Почему у меня не было своего бога, который мог бы меня защитить?! Лицом в лицо упереться с этим, неприступным! Все были против меня! Даже вазоны на окнах! Даже чай! Даже портреты Джеммы на стенах! Джеммы, нахально демонстрирующей свою "старинную" красоту. Так говорили старушки – подруги Веры Вячеславны: "старинная красота". А с их мнением все очень считались. Они были "в высшей степени интеллигентные и образованные женщины". Так говорили мои родители и родители других детей. И еще! Одна из них приходилась тетушкой самому Рихтеру. Я долго не знала, какая именно, потому что стеснялась поднять глаза.
Тетушкой оказалась Ольга Васильевна, Оленька. Не уточнялось, какова там степень родства. Я ни разу не слышала, чтобы Рихтер их навещал. Впрочем, они бывали на всех его концертах. Впрочем, они на всех концертах бывали. Я встречала их непременно... Но это уже позднее. А в то время для меня не было разницы между Рихтером и Кириллом Викторовичем.
Кирилл Викторович приезжал в наш город каждый год. И это был самый ответственный экзамен для учеников Веры Вячеславны. Кирилл Викторович слушал, делал замечания, Вера Вячеславна советовалась с ним. Когда мама рекомендовала кому-нибудь Веру Вячеславну, она говорила: "Раз в году ее учеников прослушивает преподаватель Ленинградской консерватории Алексеев". И еще... Но и об этом позднее...
Кажется, в первый раз Кирилл приезжал с Леночкой. Должно быть, это она сидела со мной рядом, за столом, и нам обеим, хоть мы и не играли, дали "призы": маленькую чашечку с тонким рисунком и шоколадную конфету с приклеенным к обертке плюшевым зайчиком.
Где только Вера Вячеславна доставала эти замысловатые и трогательные мелочи?! Я увидела на подоконнике этих зайчиков и почувствовала, что просто не смогу дальше жить без такого! Я страшно, отчаянно пожалела, что не стала учиться музыке, и тут – мне протянули зайчика. Не знаю, кто: я не решилась поднять глаза. "Это тебе за то, что ты хорошо поёшь..." И тут же – Вера Вячеславна: "А как она рисует! Такая, право, умница! Жалко, что альбом не захватила! Обязательно возьми в следующий раз!"

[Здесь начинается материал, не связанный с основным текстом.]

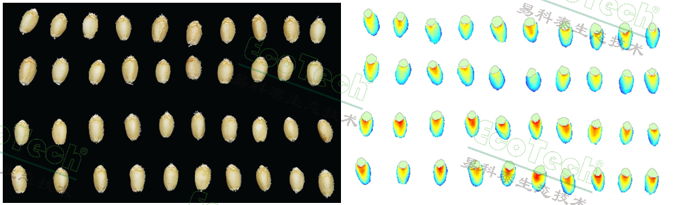 左圖:紫花苜蓿種子形態(tài)分析(EcoTech®實(shí)驗(yàn)室供圖)

Про стихи она ничего не сказала. Заметила, как багровеет от стеснения мое лицо? Забыла? Сначала я обрадовалась, потом огорчилась. Я знала, что ей не могут нравиться мои стихи. Она их читала вежливо и вежливо хвалила... В "Советском человеке" исправила ошибку...
Я гордилась своими стихами, но ни за что не стала бы читать их в этой комнате. Особенно то, самое удачное: про пионерку, которая "чуть что взывает к богу". Саркастическое! гневное стихотворение. В котором я клеймила... себя. Но это была тайна.
Я целый год ждала следующего экзамена: я решила поговорить с девочкой из Ленинграда, с Леночкой, но Леночки больше не было, а появились новенькие – как лаковые! – фотографии Джеммы. И много говорилось о Джемме – какая она красивая. Красавица, красавица!.. И над дверью висел большой портрет женщины в платье с большим вырезом, с напряженно повернутой к плечу головой, ее шея – от затылка до плеча – была проведена одной линией, на затылке – пышный гладкий узел, а с виска, через щеку вниз – спиральки-завитки. Собственно, и я находила ее красивой. И даже очень красивой. Но мне казалось, что им, им всем она не должна правиться! И даже точно – не нравится! Но они скрывают и потому-то навешали, наставили... Ну, а если навешали потому, что она им нравится как раз?! Ведь мне же нравится! Нравится... А, может, и нет! Выгнула шею! тоже мне – графиня! Вовсе и нет! Притворяется. Чужая она этой комнате и этому богу, хоть и... своя...
Может, все дело было в слове. Джемма... Слово было романтическое... Не хуже, чем Анжелика – любимое имя в нашем дворе. Подруга Овода – Джемма... Оно еще напоминало слово "джем", и кудряшки стекали по лицу, тягучие, сладкие и шершавые, как клубничный джем. Или я просто приревновала: прежде хвалили меня, обо мне говорили "старинная, итальянская красота", а теперь хвалили Джемму. Принято было непрерывно хвалить Джемму... И я злорадно лелеяла в памяти сорвавшееся у Лидии Михайловны замечание. "Я рада, что это ожерелье ей так понравилось, но она надевает его поверх свитера! Как это можно? И вообще должна вам сказать: после семнадцатого года я перестала что-либо понимать". – "Семнадцатый год тут ни при чем, – тихо рассмеялась ей в ответ Вера Вячеславна. – Это двадцатый век".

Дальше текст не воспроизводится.